WORK TASK: Return only the lines from the one that contains "XYZ 8.093,13.556,4.879 Color" through the last line of the records below, exactly as they stand. Pictures are not part of the copy.

SUPPLIED INFORMATION:
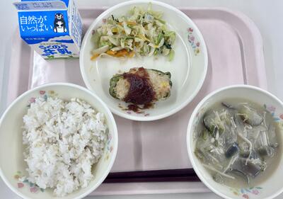 本日のメニュー:麦ご飯、きのこけんちん汁、魚のサザレ焼き、南関あげとしらすのサラダ、牛乳
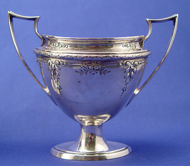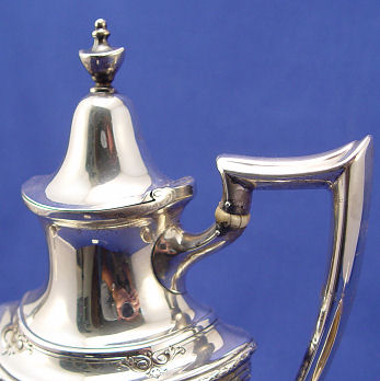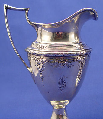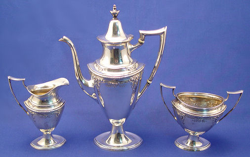DOMINICK & HAFF STERLING COFFEE OR TEA SERVICE: 3 piece set includes pot, open sugar and creamer. Petite set embossed with bellflower and swag design. Hinged lid on the pot, 11''h. Monogrammed. Please call for condition. Approx. 25.65 0z. 798 grams.
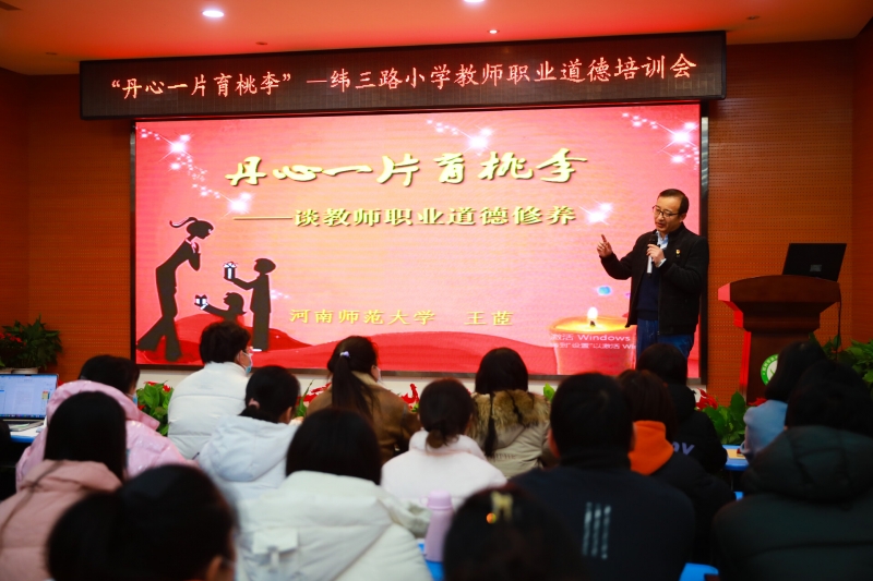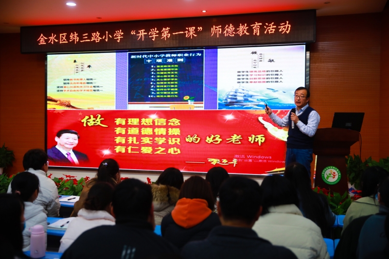 百年大計,教育為(wei) 本;教育大計,教師為(wei) 本。2023 年是黨(dang) 的二十大開局之年,為(wei) 深入學習(xi) 貫徹習(xi) 近平總書(shu) 記關(guan) 於(yu) 師德師風係列重要講話精神,落實“為(wei) 黨(dang) 育人,為(wei) 國育才”的精神,金水區緯三路小學於(yu) 2023年2月7日下午,組織全體(ti) 教師進行師德師風培訓。
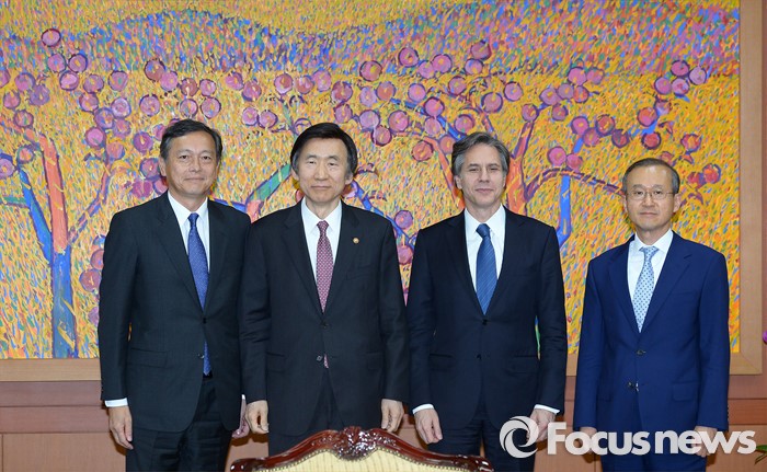 (서울=포커스뉴스) 윤병세 외교부 장관이 19일 오후 서울 종로구 외교부에서 한미일 외교차관과 접견에 앞서 사진촬영을 하고 있다. 왼쪽부터 사이키 아키타카 일본 외무성 사무차관, 윤병세 외교부 장관, 토니 블링컨 미국 국무부 부장관, 임성남 외교부 제1차관.
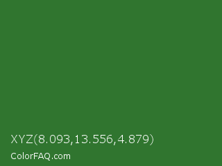 XYZ 8.093,13.556,4.879 Color is a normal green color and the nearest color is Mughal Green #306030. Hex code #30752f and RGB value is rgb(48,117,47). In RGB color space, this color is composed of 19% red, 46% green, 18% blue, In CMYK color space, this color is composed of 59% cyan, 0% magenta, 60% yellow , 54% black , In HSL color space, this color has a hue angle of 119° , 43% saturation and 32% lightness.
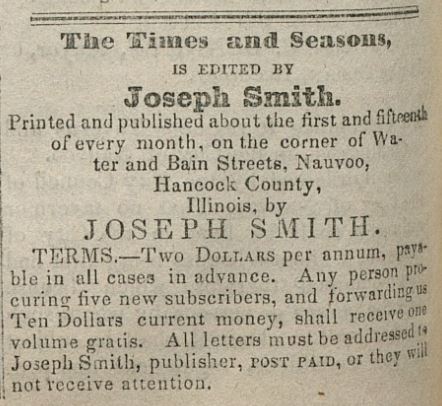 Nota oficial a roda-pé desta mesma edição indicando que o jornal The Times and Seasons era editado por Joseph Smith e impresso por Joseph Smith:
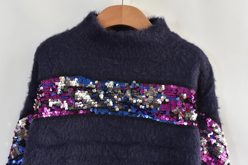 tm. modrý, chlupatý svetr.
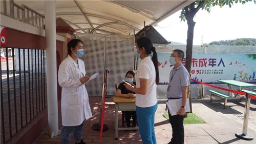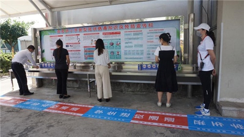 下午3時,全體教職工戴著口罩,在校門口依次排開,演練開始。門衛(wèi)、值日行政謝萬明、值日教師徐稱阜、校醫(yī)對入校“學(xué)生”體溫測量,測量體溫合格后,“學(xué)生”前后相間一米成一路縱隊,安靜有序地步行到教學(xué)樓前的洗手池,洗手后進入教室。發(fā)現(xiàn)體溫異常并伴有咳嗽癥狀“學(xué)生”,校醫(yī)立即將其轉(zhuǎn)移至校門口的臨時隔離區(qū),做好心理安撫。按照應(yīng)急預(yù)案流程,用水銀溫度計復(fù)核體溫,做好流行病史等記錄,馬上上報校長......

YOUR RESPONSE:
 XYZ 8.093,13.556,4.879 Color is a normal green color and the nearest color is Mughal Green #306030. Hex code #30752f and RGB value is rgb(48,117,47). In RGB color space, this color is composed of 19% red, 46% green, 18% blue, In CMYK color space, this color is composed of 59% cyan, 0% magenta, 60% yellow , 54% black , In HSL color space, this color has a hue angle of 119° , 43% saturation and 32% lightness.
 Nota oficial a roda-pé desta mesma edição indicando que o jornal The Times and Seasons era editado por Joseph Smith e impresso por Joseph Smith:
 tm. modrý, chlupatý svetr.
 下午3時,全體教職工戴著口罩,在校門口依次排開,演練開始。門衛(wèi)、值日行政謝萬明、值日教師徐稱阜、校醫(yī)對入校“學(xué)生”體溫測量,測量體溫合格后,“學(xué)生”前后相間一米成一路縱隊,安靜有序地步行到教學(xué)樓前的洗手池,洗手后進入教室。發(fā)現(xiàn)體溫異常并伴有咳嗽癥狀“學(xué)生”,校醫(yī)立即將其轉(zhuǎn)移至校門口的臨時隔離區(qū),做好心理安撫。按照應(yīng)急預(yù)案流程,用水銀溫度計復(fù)核體溫,做好流行病史等記錄,馬上上報校長......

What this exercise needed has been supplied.